▶ **RECORDS TO USE**
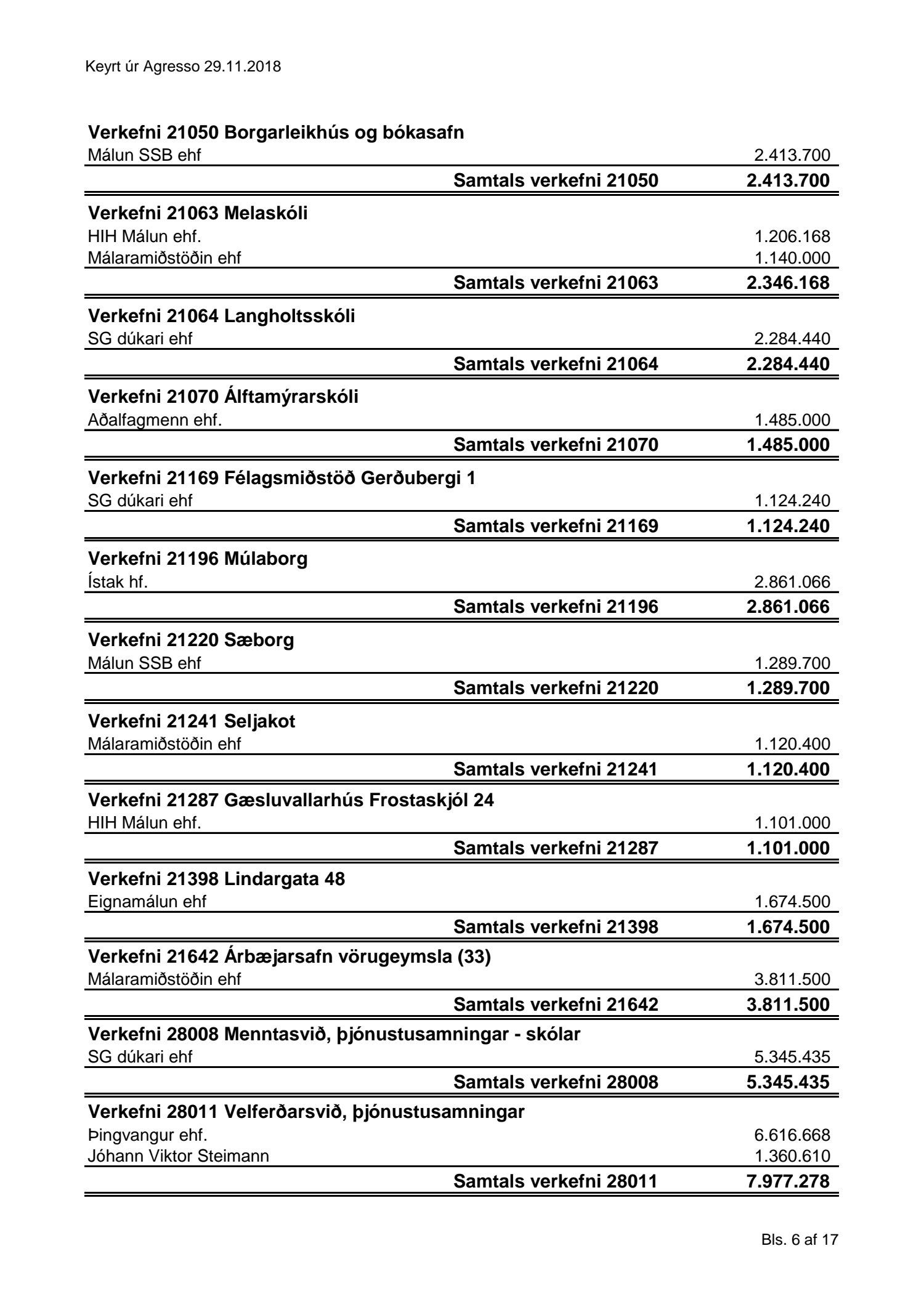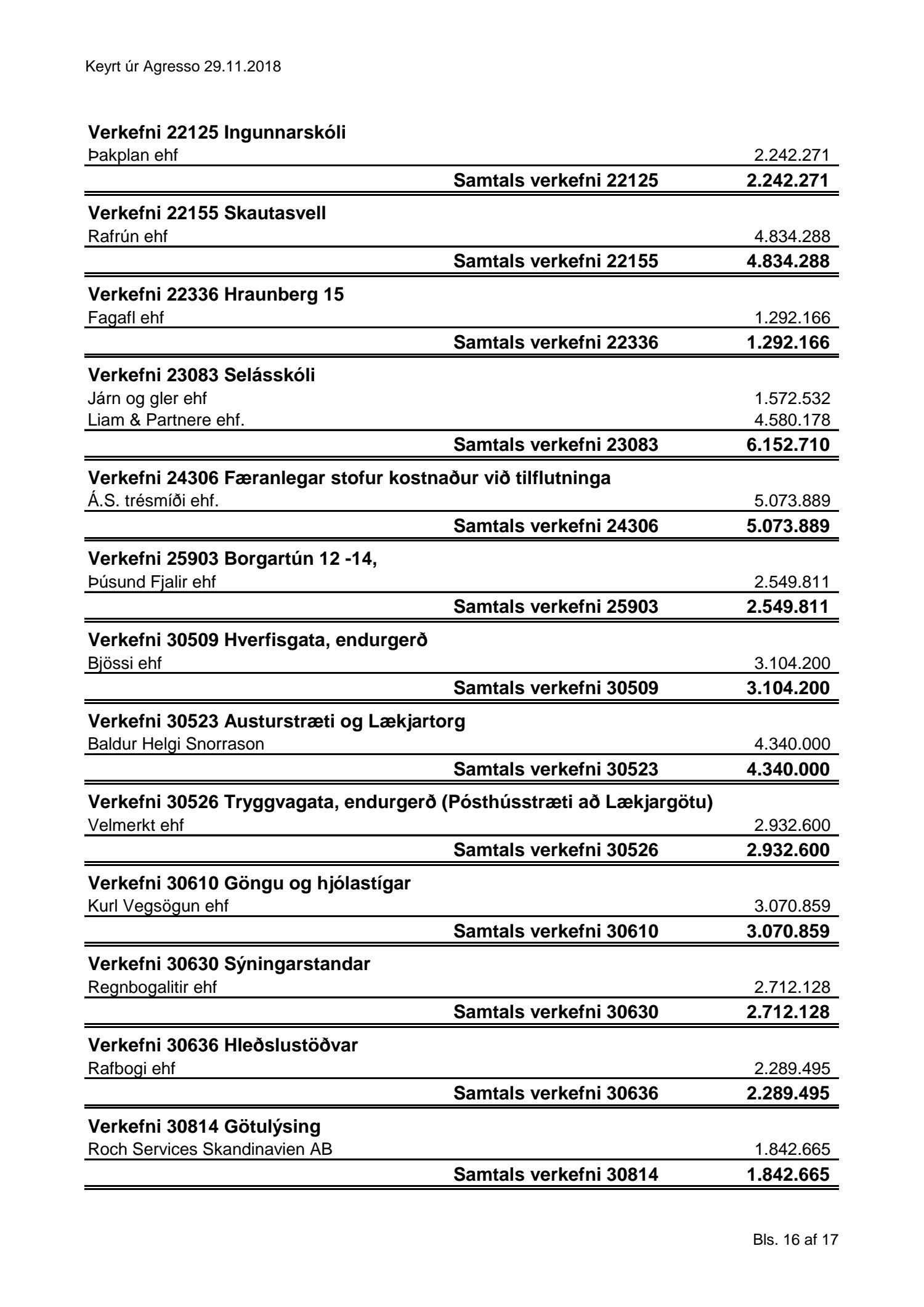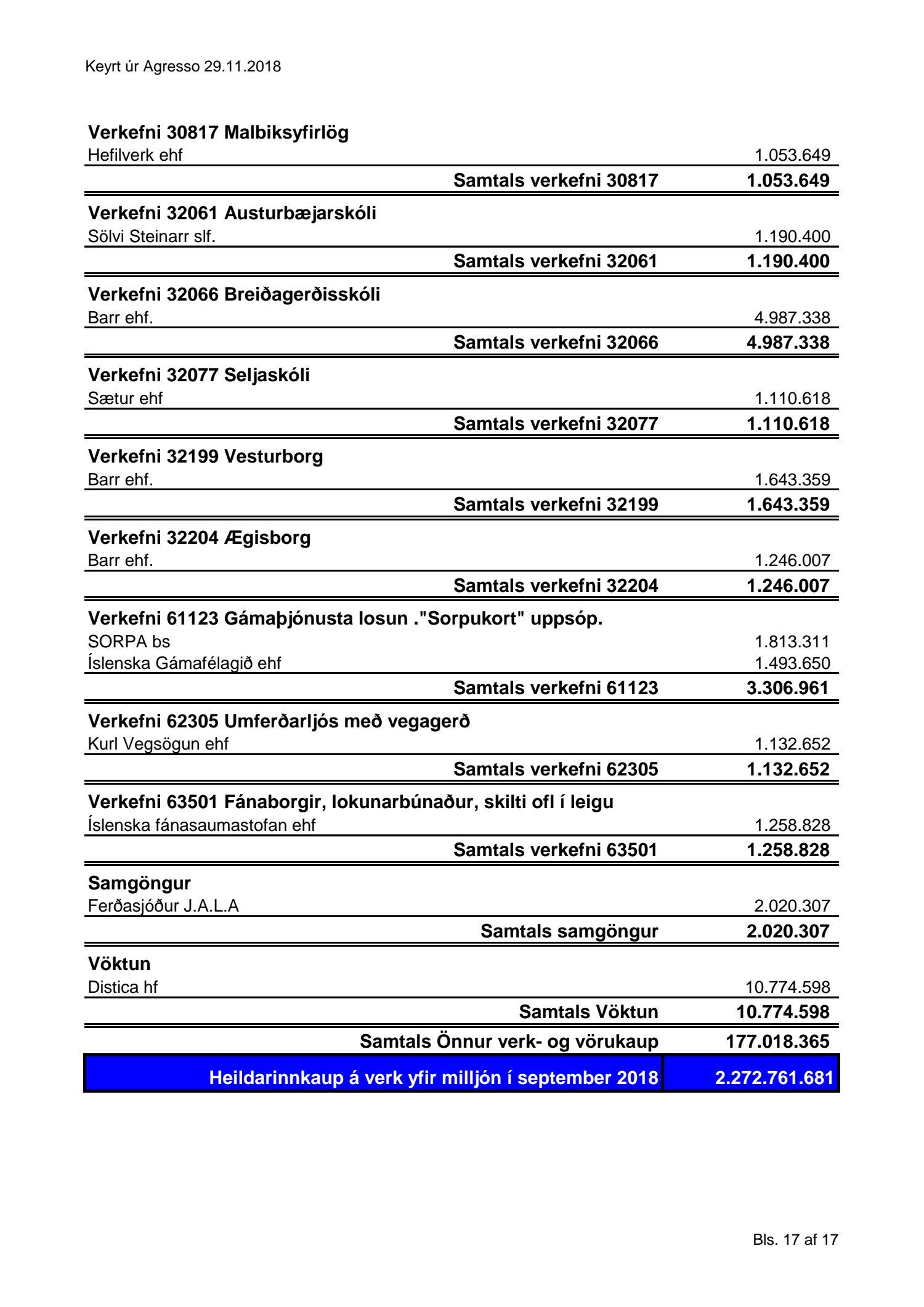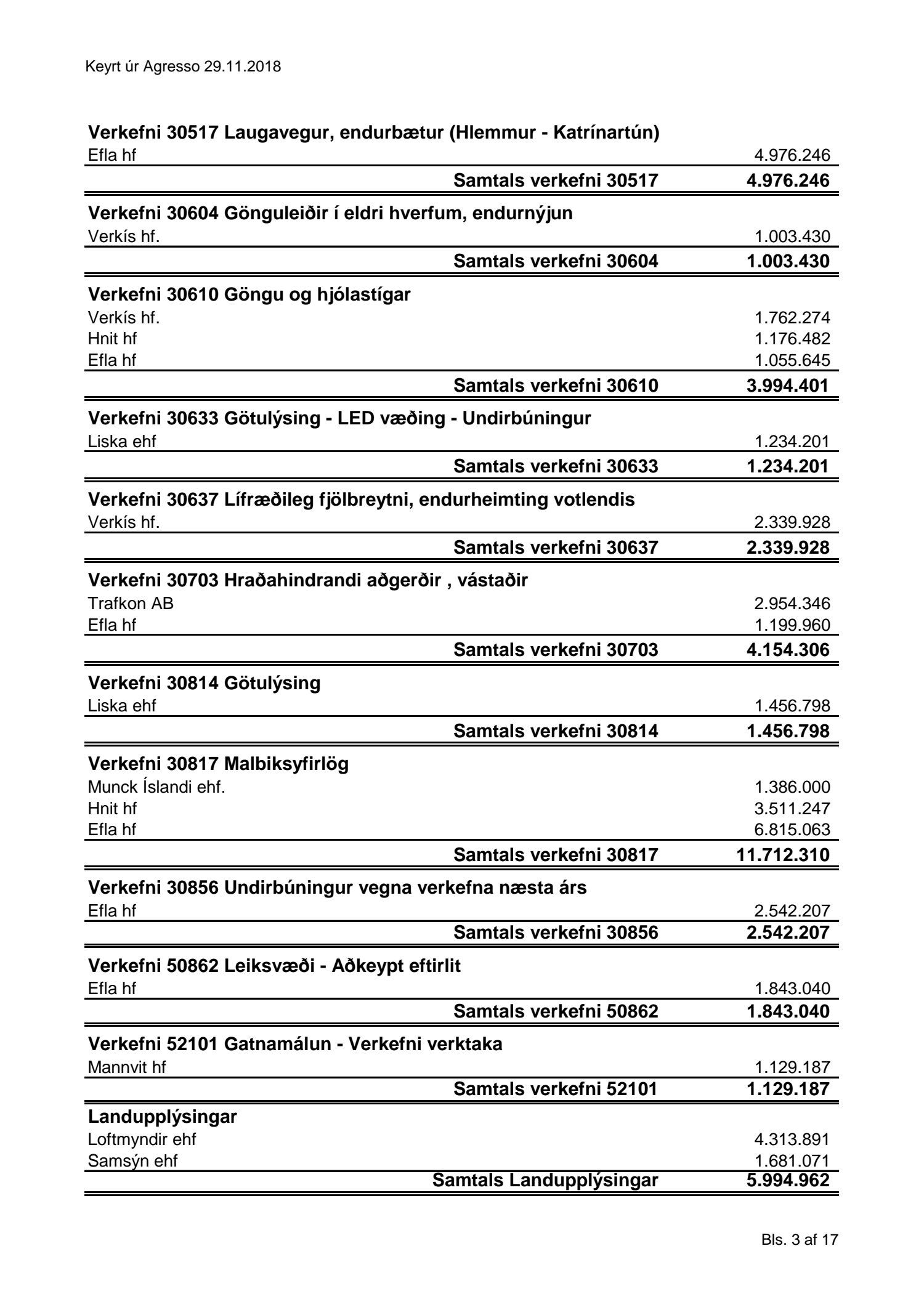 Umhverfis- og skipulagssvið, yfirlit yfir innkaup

* * *

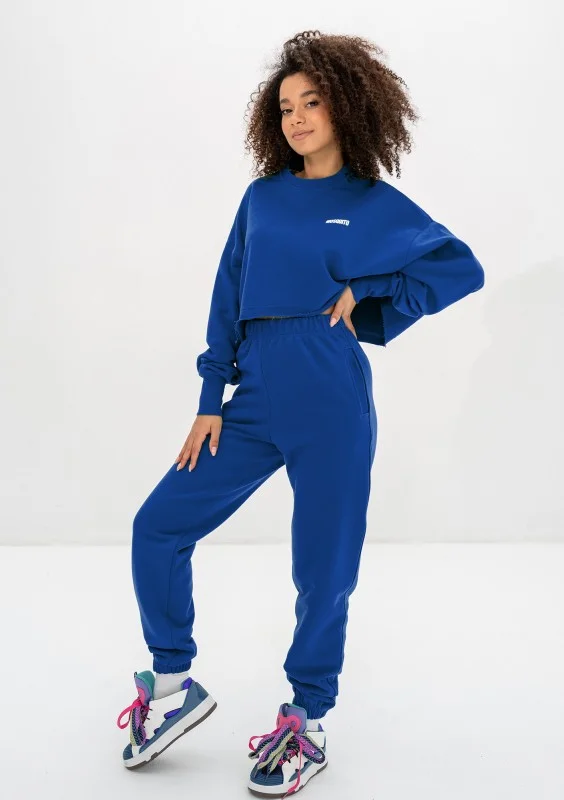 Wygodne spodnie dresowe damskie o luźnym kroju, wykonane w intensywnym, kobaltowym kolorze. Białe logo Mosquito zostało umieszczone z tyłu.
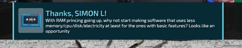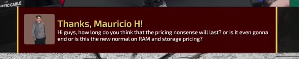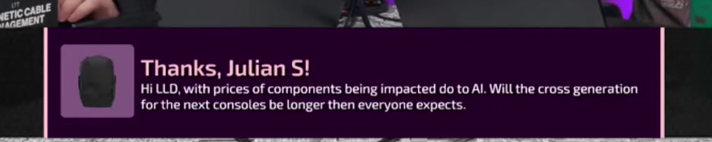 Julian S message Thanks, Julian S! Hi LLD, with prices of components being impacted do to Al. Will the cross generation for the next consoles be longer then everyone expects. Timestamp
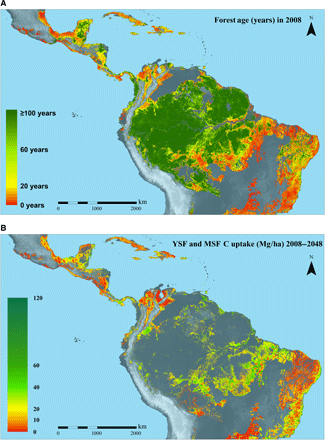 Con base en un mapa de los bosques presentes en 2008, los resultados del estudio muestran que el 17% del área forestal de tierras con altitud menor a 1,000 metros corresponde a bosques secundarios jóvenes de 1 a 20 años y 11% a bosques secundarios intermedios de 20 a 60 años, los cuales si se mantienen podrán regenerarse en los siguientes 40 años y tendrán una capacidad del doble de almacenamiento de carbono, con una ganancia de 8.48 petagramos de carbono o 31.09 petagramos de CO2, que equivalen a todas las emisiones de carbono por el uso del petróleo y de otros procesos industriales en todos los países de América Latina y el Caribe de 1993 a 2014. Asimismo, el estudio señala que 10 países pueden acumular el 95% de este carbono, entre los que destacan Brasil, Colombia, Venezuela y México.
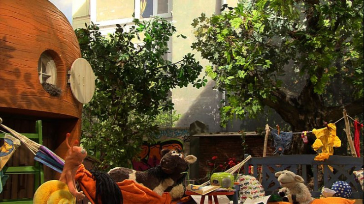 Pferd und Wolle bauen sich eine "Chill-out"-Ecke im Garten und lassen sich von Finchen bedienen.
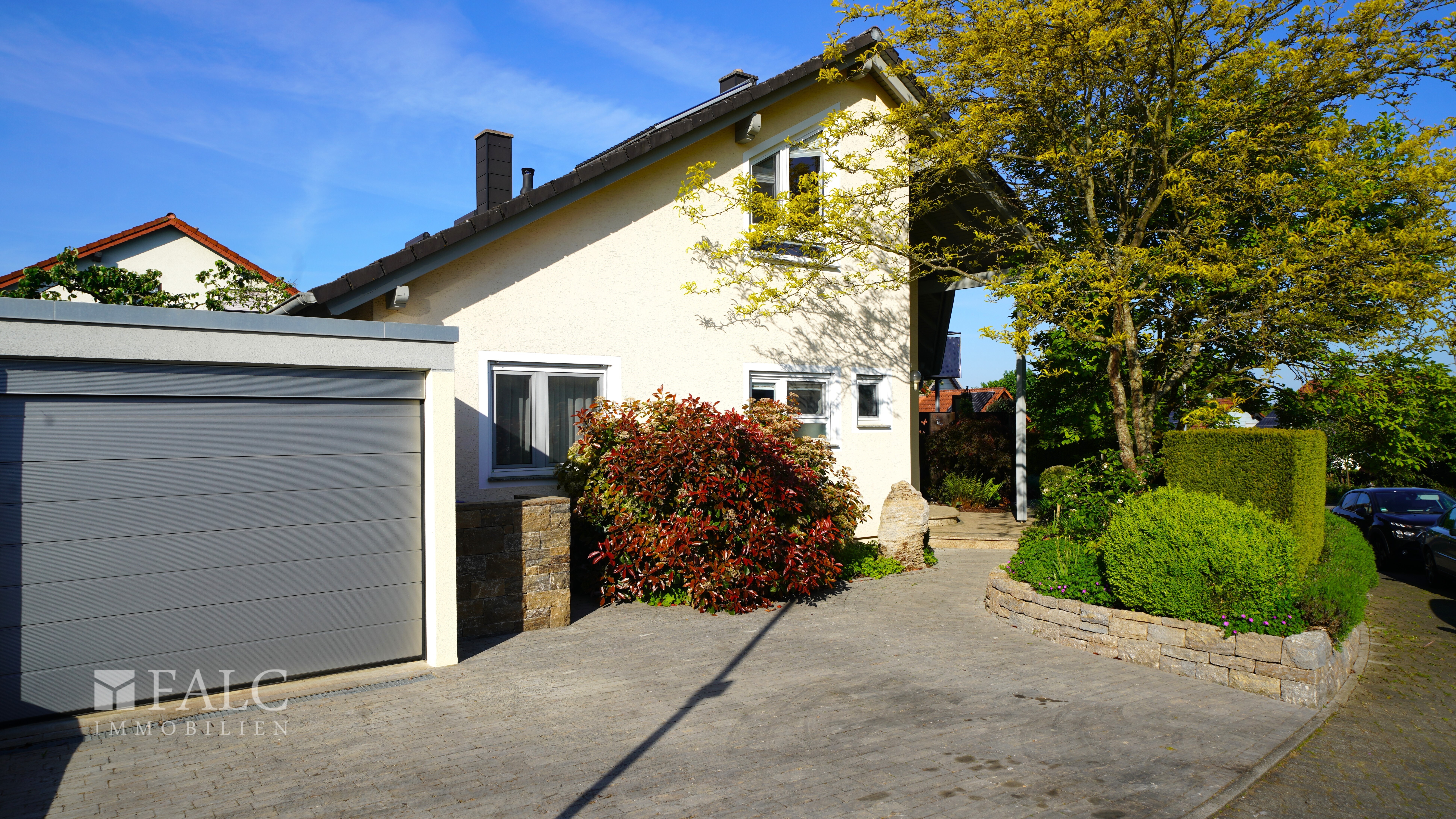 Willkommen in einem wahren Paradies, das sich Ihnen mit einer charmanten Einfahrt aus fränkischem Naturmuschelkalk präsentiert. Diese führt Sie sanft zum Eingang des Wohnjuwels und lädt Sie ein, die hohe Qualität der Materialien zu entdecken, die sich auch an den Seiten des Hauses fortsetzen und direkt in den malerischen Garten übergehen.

==

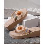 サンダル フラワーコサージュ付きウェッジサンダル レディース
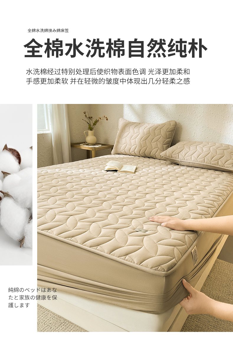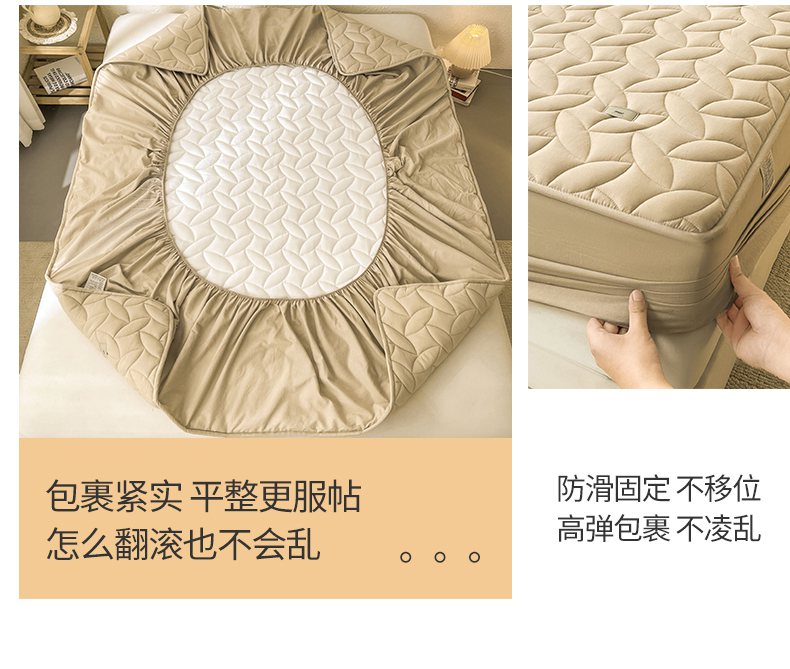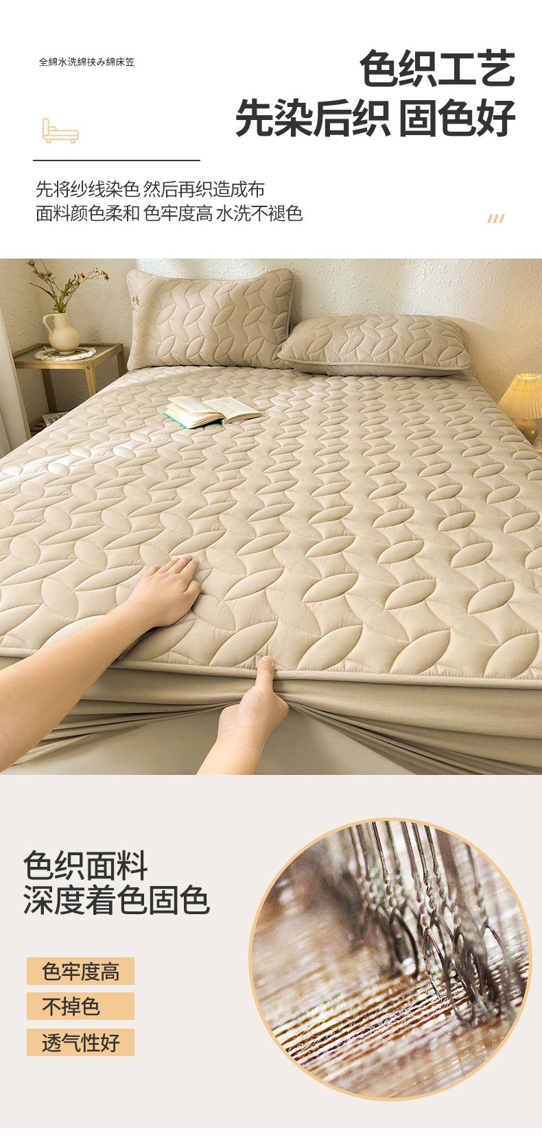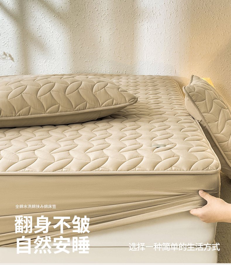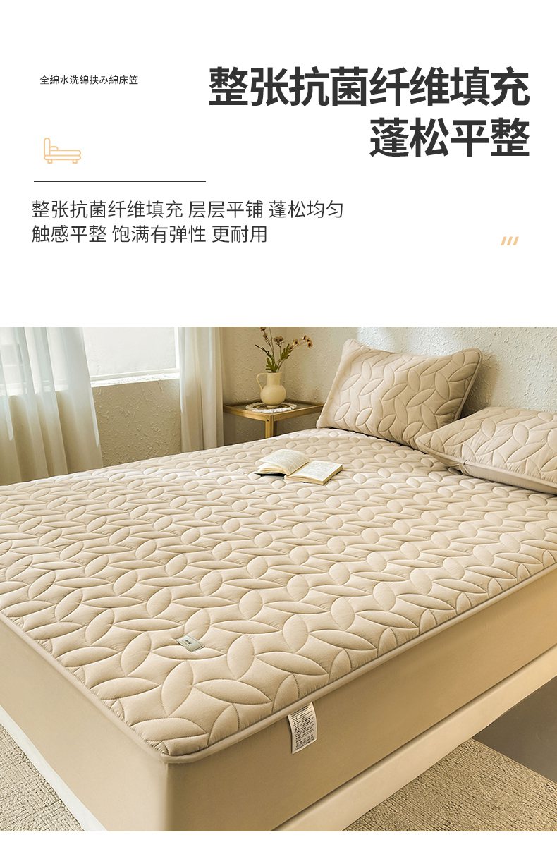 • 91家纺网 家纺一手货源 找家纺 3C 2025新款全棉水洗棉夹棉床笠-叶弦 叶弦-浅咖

▶ **WORK TASK**
Copy exactly the material above from the line with "Julian S message" to the line with "Con base en", ends included, and nothing else. Leave out any picture.

▶ **EXPECTED OUTPUT**
 Julian S message Thanks, Julian S! Hi LLD, with prices of components being impacted do to Al. Will the cross generation for the next consoles be longer then everyone expects. Timestamp
 Con base en un mapa de los bosques presentes en 2008, los resultados del estudio muestran que el 17% del área forestal de tierras con altitud menor a 1,000 metros corresponde a bosques secundarios jóvenes de 1 a 20 años y 11% a bosques secundarios intermedios de 20 a 60 años, los cuales si se mantienen podrán regenerarse en los siguientes 40 años y tendrán una capacidad del doble de almacenamiento de carbono, con una ganancia de 8.48 petagramos de carbono o 31.09 petagramos de CO2, que equivalen a todas las emisiones de carbono por el uso del petróleo y de otros procesos industriales en todos los países de América Latina y el Caribe de 1993 a 2014. Asimismo, el estudio señala que 10 países pueden acumular el 95% de este carbono, entre los que destacan Brasil, Colombia, Venezuela y México.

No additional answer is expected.